Mortgage Forecast Dims as High Rates Linger
MBA cuts its estimate for originations by 6% through the end of 2024 as the economy shows resilience and Feds raise rates.
The Mortgage Bankers Association (MBA) lowered its expectations for originations by about 6% through the end of 2024 as interest rates remain much higher than its earlier forecasts and home sales dipped in July.
The National Association of Realtors (NAR) reported Tuesday that existing homes sold at a seasonally adjusted annual rate of 4.07 million in July, down 2.2% from June and down 16.6% from July 2022.
“Two factors are driving current sales activity — inventory availability and mortgage rates,” NAR Chief Economist Lawrence Yun said. “Unfortunately, both have been unfavorable to buyers.”
The MBA’s forecast dated Monday amplified the drop in originations this year by both lowering expectations for 2023’s second half while also raising its estimates of 2022 originations by 2.7%. Estimates for this year’s first half were unchanged. The MBA said it still expects both purchase and refinance originations to begin showing gains from year-ago levels in the fourth quarter, but with smaller gains than shown in its previous forecast dated July 20.

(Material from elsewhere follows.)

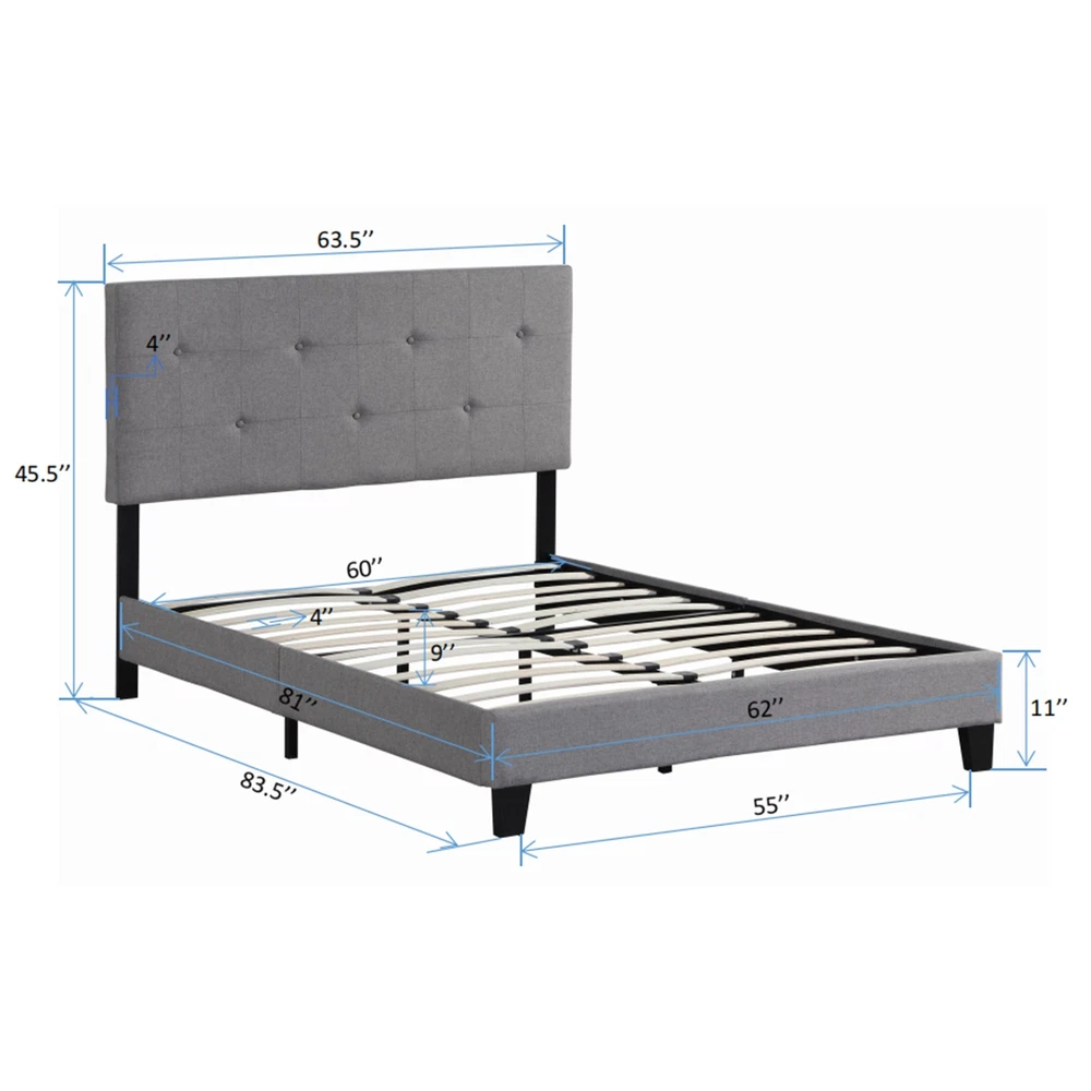 Specifications Place of Origin #originPlace# Main Color Gray Main Material Linen Dangerous Goods #dangerFlag# Dimensions & Weights Assembled Length (in.) 83.50 Assembled Width (in.) 63.50 Assembled Height (in.) 45.50 Weight (lbs) 73.70 Product Features Modern style and comfort to any bedroom Easy Assembly:The package includes clear instruction,all parts and tools,very easy to assemble Mattress frame comes in queen (Mattress No included) No box spring needed:This bed frame no box spring needed, can be used with all mattress types This bed will be matched 8 inch thickness or more mattress Note: The other parts are placed in a non-woven cloth behind the head of the bed Weight Limit: 500 LBS 1 set of bed in 1 carton Description

Purchase originations for the second half were revised downward 2.5% to $734 billion, which would be 0.7% lower than a year earlier. Second-half refinance originations were lowered 17% to $175 billion, which would be 7.4% higher than a year earlier.
For 2024, the MBA lowered its expectations for purchases by 5% and refinances by 10%. It now expects purchase originations to rise 11% to $1.52 trillion, while refinances jump 60% to $531 billion.
One of the main variables driving the MBA’s lowering of estimates over the past 10 months has been interest rates. Last October, the MBA forecast the rate for 30-year fixed mortgages this year would be 5.5% by Sept. 30 and 5.4% by Dec. 31. Now, as interest rates top 7%, it is forecasting 6.8% by Sept. 30 and 6.2% by Dec. 31.
Interest rates, in turn, have been influenced by the economy’s unexpected resilience, which has factored in the Fed’s decision to keep raising rates through at least last month.
The recession that the MBA predicted last October would start in early 2023 has now been pushed back another quarter and further weakened to a 0.3% drop in GDP in the fourth quarter and a 0.3% drop in the first quarter of 2024.
Meanwhile, the NAR found buyers facing higher prices as tight inventories improved only slightly.
The median existing-home sales price rose 1.9% from one year ago to $406,700. Prices rose in the Northeast, Midwest and South but were unchanged in the West.
The inventory of unsold existing homes increased 3.7% from the previous month to 1.11 million at the end of July. Unsold inventory sits at a 3.3-month supply at the current sales pace, up from 3.1 months in June and 3.2 months in July 2022.
The NAR found first-time buyers were responsible for 30% of July sales, up from 27% in June and 29% in July 2022.
“Most homeowners continue to enjoy large wealth gains from recent years with little concern about home price declines,” Yun said. “However, many renters are concerned as they’re facing growing affordability challenges because of high interest rates.”